Run the scshutdown(1M) command to shut down the cluster, then boot the cluster with the boot(1M) command on each node.
SPARC: If your cluster is running Oracle Parallel Server/Real Application Clusters, shut down all instances of the database.
Refer to the Oracle Parallel Server/Real Application Clusters product documentation for shutdown procedures.
Become superuser on any node in the cluster.
Shut down the cluster.
From a single node in the cluster, type the following command.
# scshutdown -g0 -y |
Each node is shut down.
Cluster nodes must have a working connection to the cluster interconnect to attain cluster membership.
Boot each node.
The order in which the nodes are booted does not matter unless you make configuration changes between shutdowns. If you make configuration changes between shutdowns, start the node with the most current configuration first.
SPARC:
ok boot |
x86:
<<< Current Boot Parameters >>> Boot path: /pci@0,0/pci8086,2545@3/pci8086,1460@1d/pci8086,341a@7,1/ sd@0,0:a Boot args: Type b [file-name] [boot-flags] <ENTER> to boot with options or i <ENTER> to enter boot interpreter or <ENTER> to boot with defaults <<< timeout in 5 seconds >>> Select (b)oot or (i)nterpreter: b |
Verify that the nodes booted without error and are online.
The scstat command reports the nodes' status.
# scstat -n |
If a cluster node's /var file system fills up, Sun Cluster might not be able to restart on that node. If this problem arises, see How to Repair a Full /var File System.
The following example shows the console output when stopping normal cluster operation, bringing down all nodes to the ok prompt, then restarting the cluster. The -g 0 option sets the grace period to zero, -y provides an automatic yes response to the confirmation question. Shutdown messages also appear on the consoles of other nodes in the cluster.
# scshutdown -g0 -y Wed Mar 10 13:47:32 phys-schost-1 cl_runtime: WARNING: CMM monitoring disabled. phys-schost-1# INIT: New run level: 0 The system is coming down. Please wait. ... The system is down. syncing file systems... done Program terminated ok boot Rebooting with command: boot ... Hostname: phys-schost-1 Booting as part of a cluster ... NOTICE: Node phys-schost-1: attempting to join cluster ... NOTICE: Node phys-schost-2 (incarnation # 937690106) has become reachable. NOTICE: Node phys-schost-3 (incarnation # 937690290) has become reachable.
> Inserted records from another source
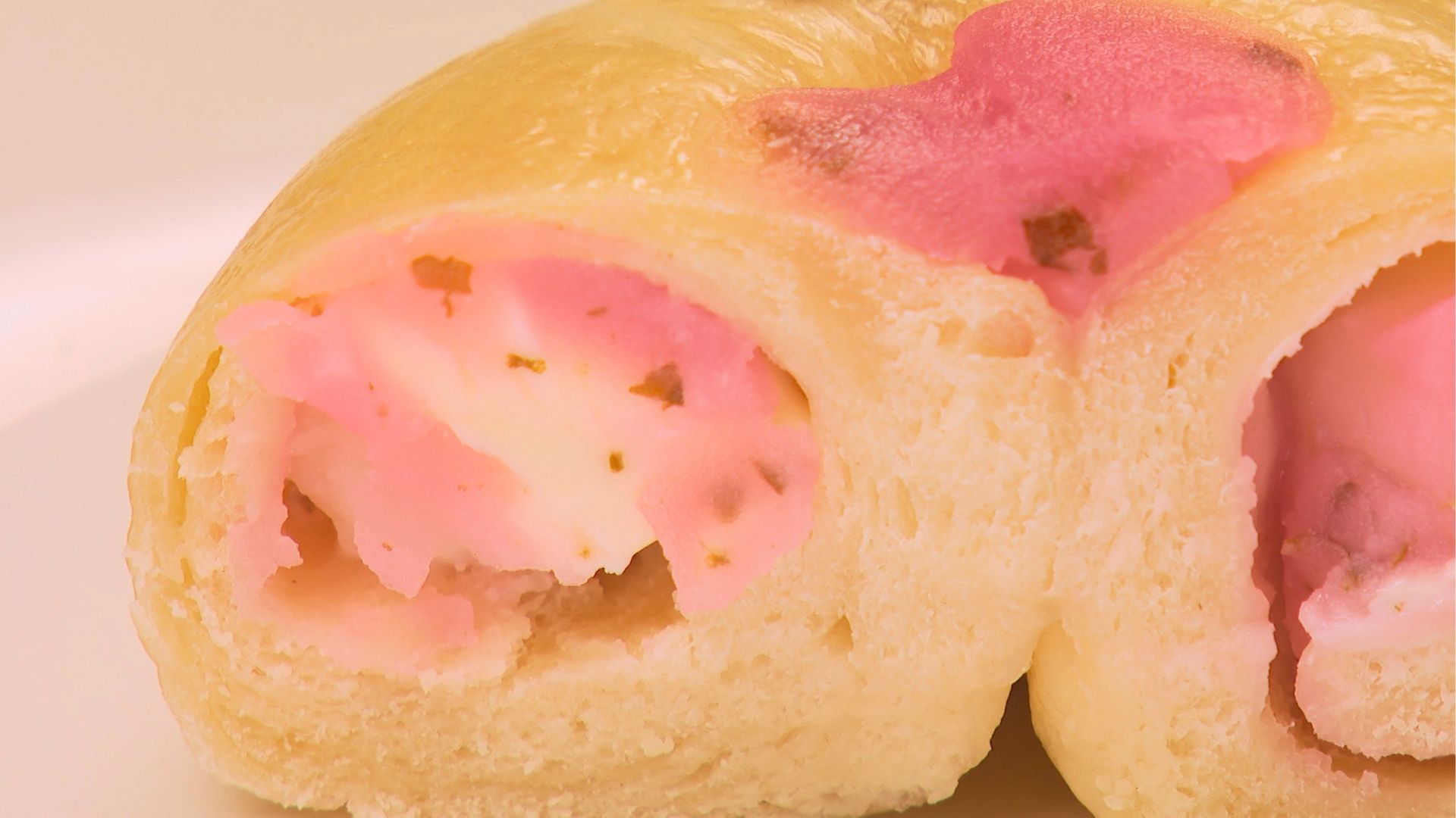 この春限定の新作は、「春の桜もちベーグル」(380円)。その名の通り桜もちをイメージしたベーグルです。
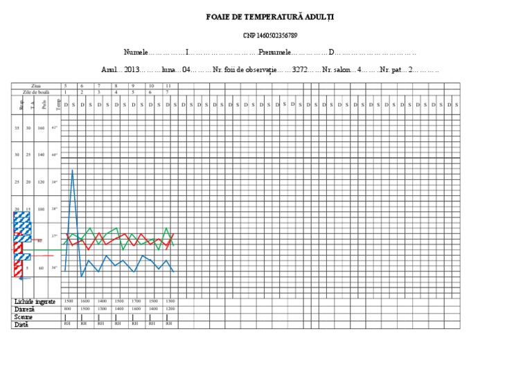 Desigur, nu neapărat COVID-19. Există un ritm circadian al temperaturii corpului. Dimineața, în general, temperatura este mai scăzută decât în . Foii de observaţie i se anexează foaia de temperatură - pediatrie care reprezintă cea . Măsurarea şi interpretarea valorilor de temperatură reprezintă. FOAIE DE OBSERVAŢIE CLINICĂ GENERALĂ. Pulsul se noteaza grafic in foaia de temperatura cu pix de culoare rosie, sub forma unui punct, fiecare linie orizontala a foii de temperatura reprezentand unitati.
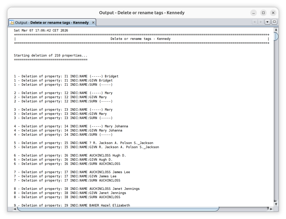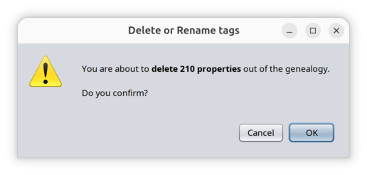 - Delete properties from you genealogy, such as empty or invalid tags for instance.
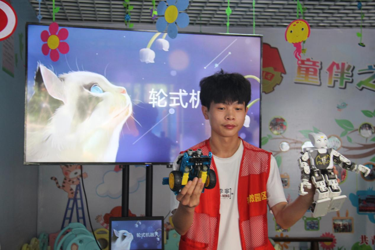 紧接着轮式机器人的教学让小朋友们更加充分感受到科技的魅力。成员讲解机器人类别、原理内容过程中穿插了许多精彩的图片和视频,把一些晦涩难懂的知识讲得轻松有趣,让小朋友们在轻松愉悦的氛围中学到了很多关于机器人的知识。演示环节中,成员为他们示范操作机器人后让其上手操作,孩子们充分体会了玩转科技的乐趣。同时进行的VR体验、激光雕刻、其他模具组装教学也引起了许多家长的关注,拉近亲子间的距离。
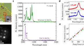 Single-photon emitters in 2D semiconductors hold promise for quantum applications, but usually operate in the 500-800 nm wavelength range. Here, the authors report site-controlled creation of quantum emitters in the telecommunication wavelength window by coupling 2D MoTe2 to strain inducing nano-pillar arrays.
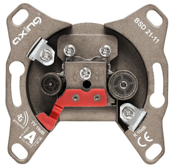 Hyperbreitband-Durchgangsdose 10 dB, 5 - 2200 MHz, CATV, SAT, DC-Durchlass Klasse A (+10 dB) gemäß EN 50083-2 Breitbandig rückkanaltauglich Montagefreundlich Absetzmaß 8/13 mm Oberflächenveredelt
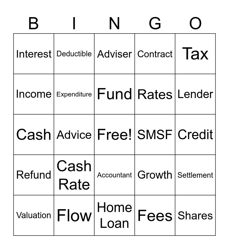 This bingo card has a free space and 50 words: Broker, Shares, Share market, Home Loan, Cash Rate, Interest Rate, Deductible, Bills, Income, Wealth, Expenditure, Contract, Settlement, Growth, Entity, Superannuation, Fund, SMSF, Dividends, Tax, Advice, Fees, Interest, Rates, Invest, Revenue, Lender, Bank, Adviser, Accountant, Return, Assets, Budget, Expenditure, Flow, Money, Shares, Deposit, Equity, Credit, Debt, Insurance, Borrow, Market, Valuation, Cash, Cash-flow, Repayment, Refund and Loans.
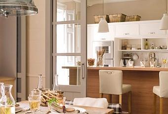 Una cocina rustica donde la atencion pasa por un vano de puertas correderas para descubrir un comedor integrado unico.
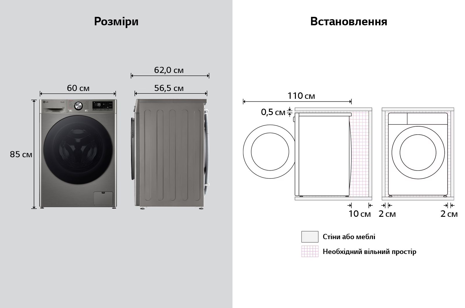 Особливості:індикатор залишкового часу, Функція ''Додати речі'', індикатор етапу циклу прання, індикація незачинених дверцят, індикація помилок у роботі, затримка завершення циклу прання (3-19 годин), автоматичний перезапуск зі збереженням попередніх налаштувань, блокування панелі керування від дітей, удосконалена система зменшення рівня вібрації, Функція обробки парою Steam, Збільшений розмір перемикача програм, індикація режиму "Відкласти завершення", індикація режиму "Блокування від дітей", індикація режму "Віддалений старт", Відкриття дверей: праворуч, індикація обраних параметрів програми, загартоване скло дверцят, Можливість завантажити додаткові програми прання, що завантажуються через додаток LG ThinQ
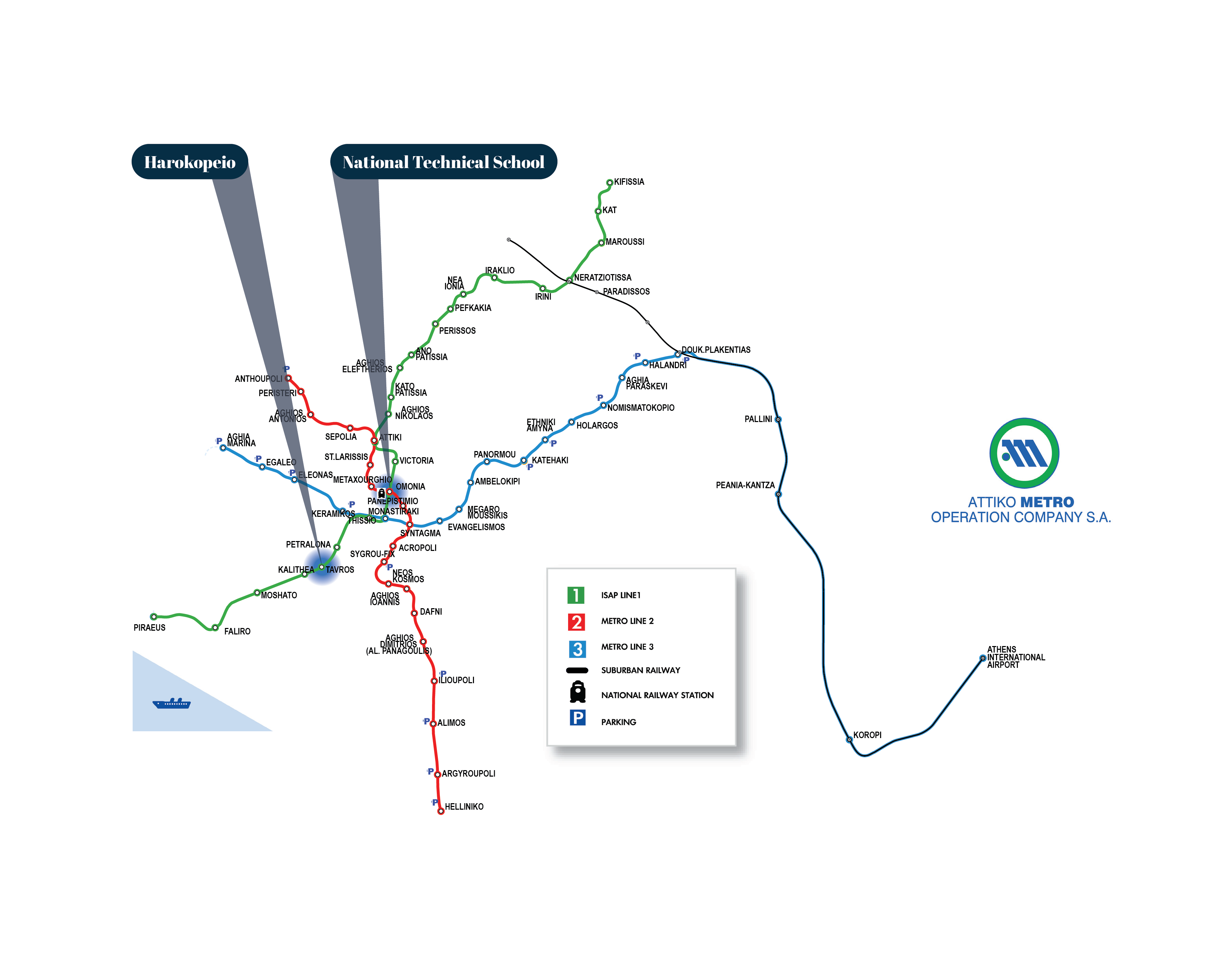 Trolley Bus Line 1: Attikis Square – Kallithea – Moshato or Trolley Bus Line 5: Labrini – Syntagma Square – Jijifies Stops: Karagiannis Stop (at the corner of El. Venizelou Ave. and Evagelistrias St.) or Harokopou Stop (at the corner of El. Venizelou Ave. and Harokopou St.).
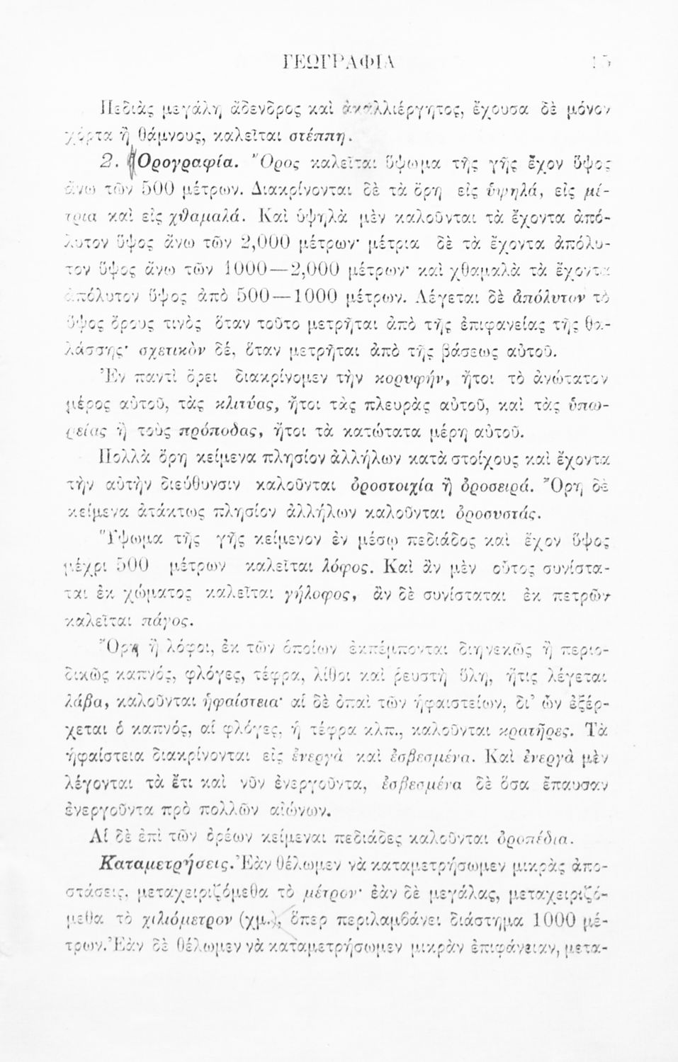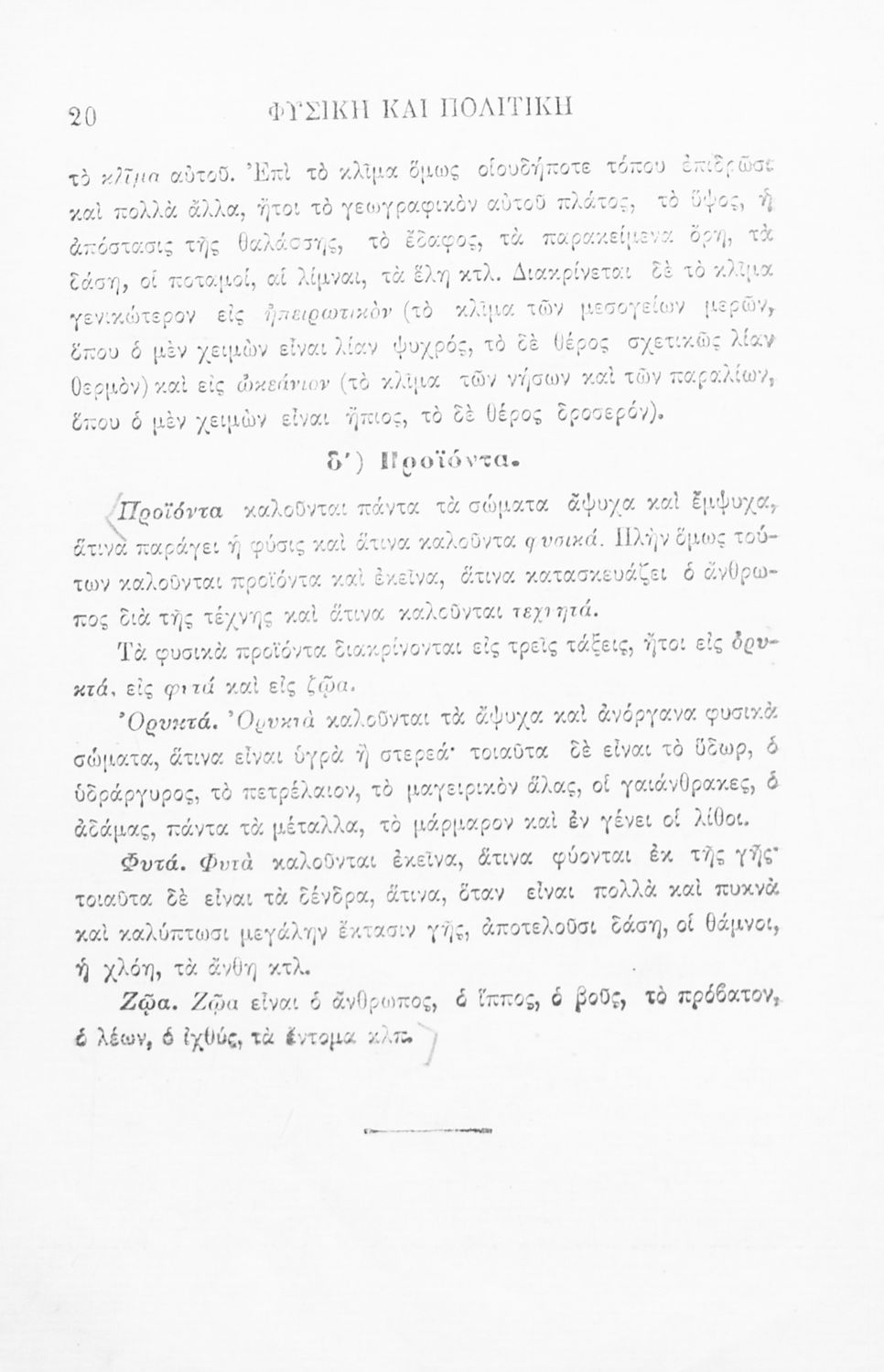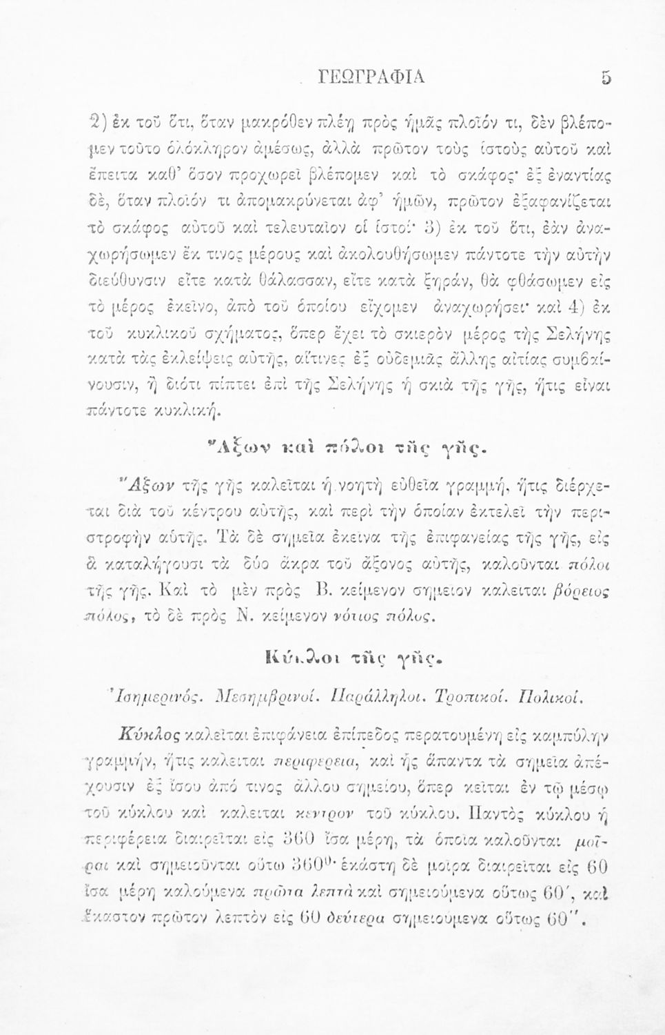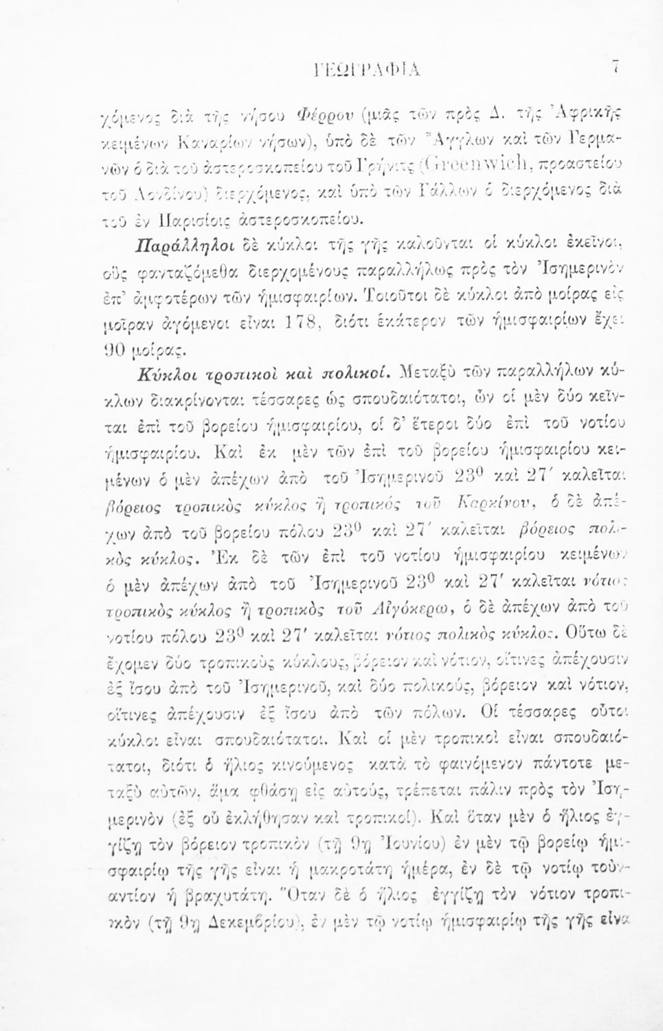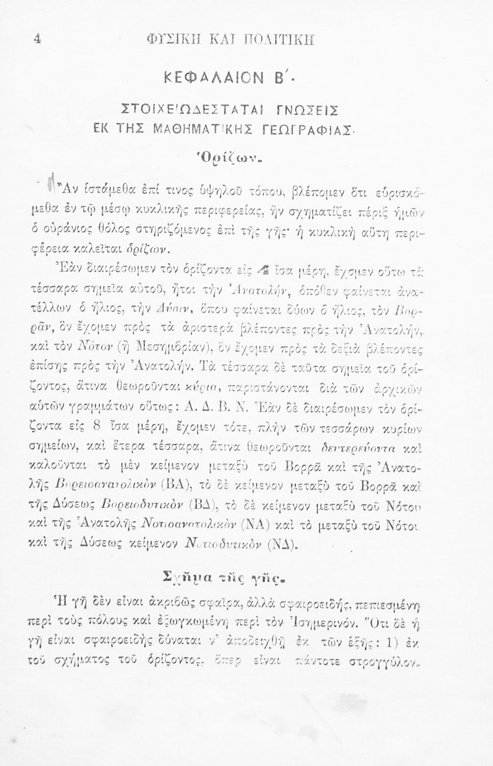 Πρόκειται για σχολικό εγχειρίδιο το οποίο προοριζόταν για τη διδασκαλία του μαθήματος της φυσικής και πολιτικής γεωγραφία της Ασίας, Αφρικής, Αμερικής και Αυστραλίας στην Α΄ τάξη των Ελληνικών Σχολείων. Φέρει λίγες προσωπικές σημειώσεις και σκίτσα του μαθητή, το ενδεικτικό βιβλιόσημο γνησιότητας, καθώς και την ένδειξη Βασίλειον της Ελλάδας.

NOTICE: cluster has reached quorum. ... NOTICE: Cluster members: phys-schost-1 phys-schost-2 phys-schost-3. ... NOTICE: Node phys-schost-1: joined cluster ... The system is coming up. Please wait. checking ufs filesystems ... reservation program successfully exiting Print services started. volume management starting. The system is ready. phys-schost-1 console login: NOTICE: Node phys-schost-1: joined cluster ... The system is coming up. Please wait. checking ufs filesystems ... reservation program successfully exiting Print services started. volume management starting. The system is ready. phys-schost-1 console login: |
The following example shows the console output when stopping normal cluster operation, bringing down all nodes, then restarting the cluster. The -g 0 option sets the grace period to zero, -y provides an automatic yes response to the confirmation question. Shutdown messages also appear on the consoles of other nodes in the cluster.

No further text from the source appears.